Goal of the exercise: Using the records that follow, reproduce exactly the lines starting at the line containing "Windows+Rto open the" and ending at the line containing "DIRECTIONS: CARPET: Remove". Include both end lines and no pictures.

Listed entries:

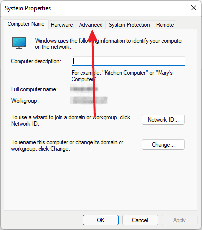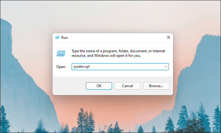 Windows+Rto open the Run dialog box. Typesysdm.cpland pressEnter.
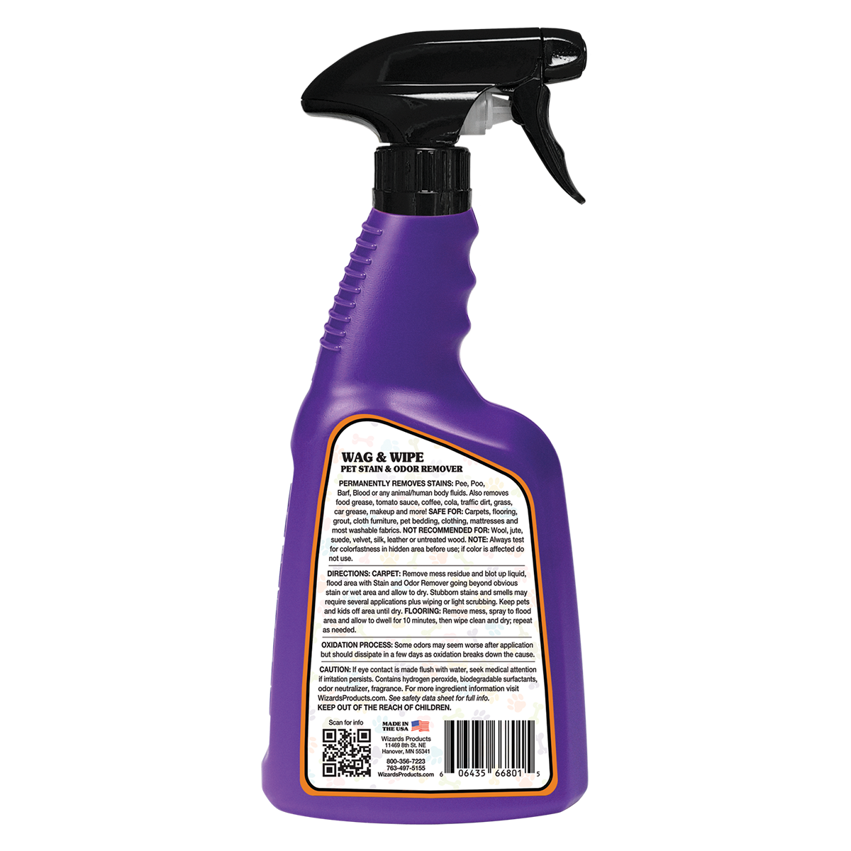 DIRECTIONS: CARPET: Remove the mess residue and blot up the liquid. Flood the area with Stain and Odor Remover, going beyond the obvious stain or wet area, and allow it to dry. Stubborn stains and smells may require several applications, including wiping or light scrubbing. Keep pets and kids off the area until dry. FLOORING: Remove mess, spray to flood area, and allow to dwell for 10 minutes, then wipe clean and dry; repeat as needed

* * *

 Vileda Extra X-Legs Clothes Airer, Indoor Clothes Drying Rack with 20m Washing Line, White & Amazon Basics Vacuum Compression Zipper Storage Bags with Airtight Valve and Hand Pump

Response to the exercise:
 Windows+Rto open the Run dialog box. Typesysdm.cpland pressEnter.
 DIRECTIONS: CARPET: Remove the mess residue and blot up the liquid. Flood the area with Stain and Odor Remover, going beyond the obvious stain or wet area, and allow it to dry. Stubborn stains and smells may require several applications, including wiping or light scrubbing. Keep pets and kids off the area until dry. FLOORING: Remove mess, spray to flood area, and allow to dwell for 10 minutes, then wipe clean and dry; repeat as needed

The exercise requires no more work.